Our agency requires prospective foster/adoptive parents to complete an average of 40 hours of training. Also, 40 hours of observation will be required if licensed as a Therapeutic Home. All of the required hours will be coordinated by the agency. State law provides licensing standards for foster/adoptive homes. The licensing standards exist to help the agency protect and safeguard the wellbeing of children in its care. In addition to these standards, our agency also has some requirements to help determine the appropriateness of foster/adoptive families who have applied to New Horizons.
What is involved in the licensing process?
Our agency will complete a background check for all adults and children age 14 and above in the prospective foster family to make sure they have never been the subject of any abuse or neglect report involving a child.
We are asking you to disclose very personal information to our agency, and understand that you may feel some discomfort and anxiety discussing these matters. We appreciate your willingness to share such personal information with us, and can assure you that everything you share with us is kept strictly confidential. Your interest in helping children means we have to work together as a team to achieve our mutual goals. An honest and open discussion between prospective foster parents and our agency is the beginning of a teamwork relationship that will benefit children.

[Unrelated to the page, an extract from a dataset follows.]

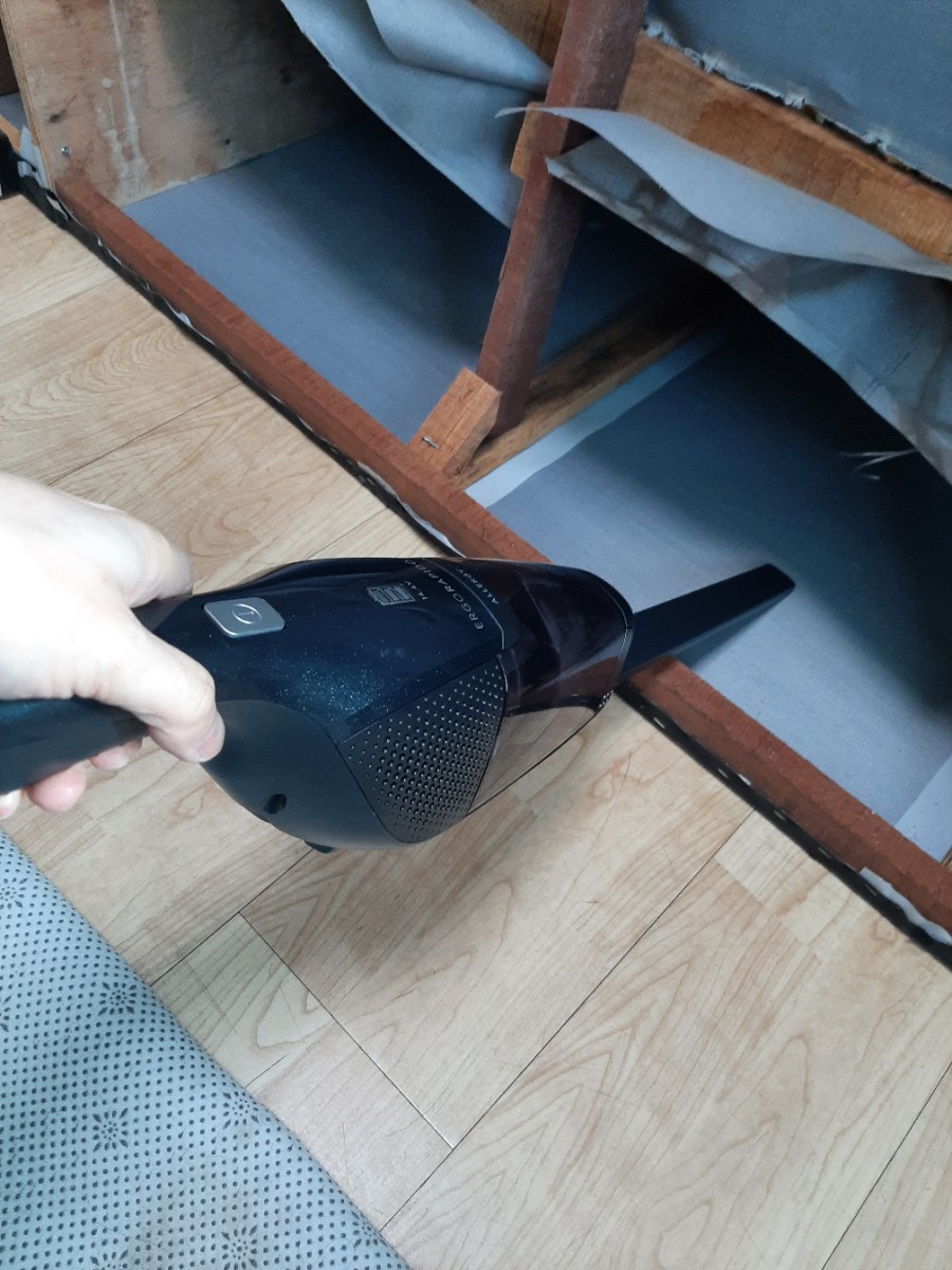 소파 안쪽에 보시면 먼지나 나무 가루 같은 것들이 있을 수 있으니

Thank you for your understanding and cooperation.
If it becomes clear that the residence, financial situation, application, or background check do not meet the requirements of licensing standards and New Horizons, we will share this information with the prospective foster/adoptive parents. Our commitment to honest and open communication with prospective foster/adoptive parents includes our responsibility to inform you when foster care and/or adoption is not possible because of your family’s current circumstances.
Financial and Legal
What does it cost to foster a child and how do finances work?
Foster/adoptive parents receive a check biweekly to help cover the cost of the child’s food, clothing, personal needs, mileage, and respite care.

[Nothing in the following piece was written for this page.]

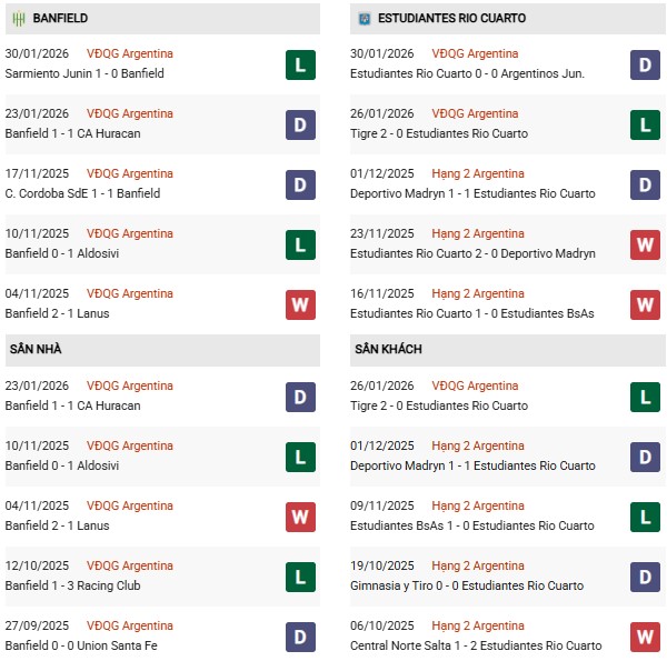 Dù vậy, nếu nhìn vào phong độ dài hạn, Estudiantes Rio Cuarto lại không quá tệ khi thắng 5, hòa 3 và chỉ thua 2 trong 10 trận gần nhất trên mọi đấu trường. Thành tích sân khách của họ ở giai đoạn này cũng ở mức chấp nhận được với 3 chiến thắng, 3 trận hòa và 4 thất bại trong 10 chuyến hành quân gần đây. Tuy nhiên, khi phải làm khách trên sân của Banfield, Estudiantes Rio Cuarto nhiều khả năng vẫn sẽ ưu tiên lối chơi phòng ngự chắc chắn.

The first check will not come the day the child is placed; foster parents need enough extra money in their budgets to support their own family and the new child or children until reimbursement arrives.
Do I have legal and financial responsibility for children placed in my home?
How Do I Start?
What do I do next if I am interested in becoming a foster/adoptive parent?
The only way to know if your home meets these requirements is to see it. We understand that the need to see your entire home may feel intrusive; however, we need to work together for the good of the children. During the visit to your home, we will also conduct an initial interview with both prospective foster/adoptive parents. Some of these questions may be personal, however, we must determine if your family is the “right fit” for our children.
The entire foster/adoptive family verification and training process is reviewed regularly by the New Horizons Foster Care Committee. You have the right, at any time, to stop the process if you do not feel this program is right for you and your family. New Horizons has the right to terminate the licensing process with a prospective family at any time if concerns arise in regards to the ability to provide a safe and nurturing environment for the children in care.